Latest 1.9 snapshot deletes services
Description
Environment
Acceptance / Success Criteria
Lucidchart Diagrams
Activity

Tarus Balog January 31, 2012 at 1:59 PM
Okay, I was wrong - capsd wasn't disabled.
This problem turns out to be a race condition between provisiond and capsd. If provisiond is handling newSuspect events, it will use a foreign source to test for services. However, since nodes created this way won't belong to a provisioning group, capsd tries to manage them on a restart.

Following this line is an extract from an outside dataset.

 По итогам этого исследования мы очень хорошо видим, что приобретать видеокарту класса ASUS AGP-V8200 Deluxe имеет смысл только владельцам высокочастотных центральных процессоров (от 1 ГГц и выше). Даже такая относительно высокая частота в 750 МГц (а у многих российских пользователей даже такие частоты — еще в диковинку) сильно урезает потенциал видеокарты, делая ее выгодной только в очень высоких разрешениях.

In this case the "Update" service detector was added to the default foreign source, but no configuration existed for the "Update" service in capsd-configuration.xml. Since the service didn't exist, capsd deleted it.

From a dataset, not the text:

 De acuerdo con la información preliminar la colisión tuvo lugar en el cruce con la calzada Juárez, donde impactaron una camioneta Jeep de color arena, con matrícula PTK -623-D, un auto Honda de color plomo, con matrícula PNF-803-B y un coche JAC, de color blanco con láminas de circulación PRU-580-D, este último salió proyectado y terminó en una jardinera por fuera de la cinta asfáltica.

This problem will go away entirely once capsd is fully deprecated. In the meantime, the workaround is to either disable capsd or include all services in the capsd-configuration file.

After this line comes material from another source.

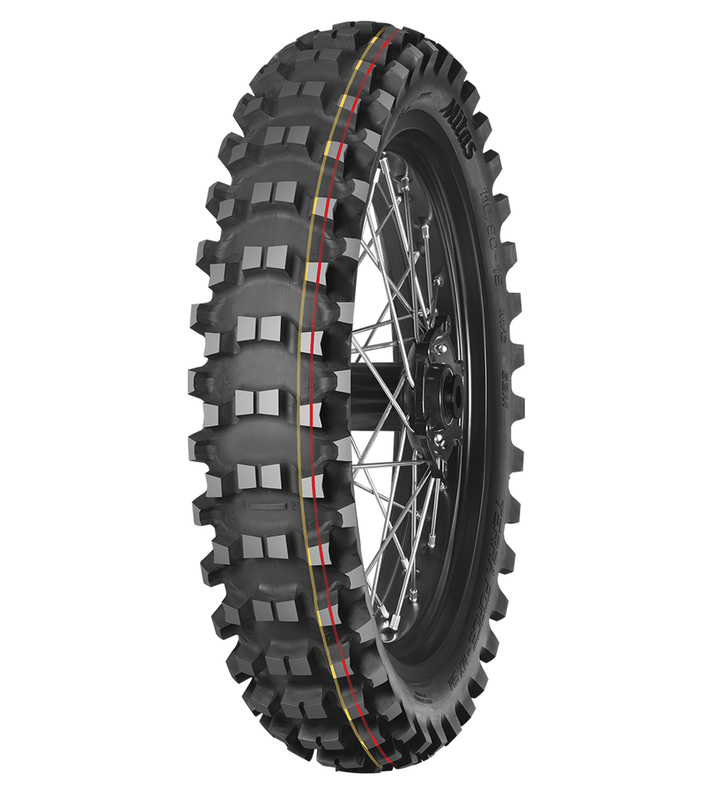 SOFT MEDIUM TERRAIN - Identified by the characteristic red + yellow stripe: Motocross competition tire made from a medium hard tread compound for soft to medium terrain.

Tarus Balog January 30, 2012 at 12:33 PM
Hrm - not sure what's going on. Ben backed out a suspect change and made new RPMs. Prior to the restart:
opennms=# select nodeid,serviceid from ifservices where status='D';
nodeid | serviceid
--------+-----------
(0 rows)
After the restart:
opennms=# select nodeid,serviceid from ifservices where status='D';
nodeid | serviceid
--------+-----------
36 | 29
20 | 29
21 | 29
15 | 29
40 | 29
39 | 29
16 | 29
35 | 29
16 | 29
14 | 29
9 | 29
37 | 29
13 | 29
38 | 29
10 | 29
(15 rows)

Tarus Balog January 26, 2012 at 2:51 PMEdited
Node: barbrady.internal.opennms.com
Not a member of any provisioning requisition
provisiond is handling the newSuspect events. It seems to be fine for devices that are in a provisioning group.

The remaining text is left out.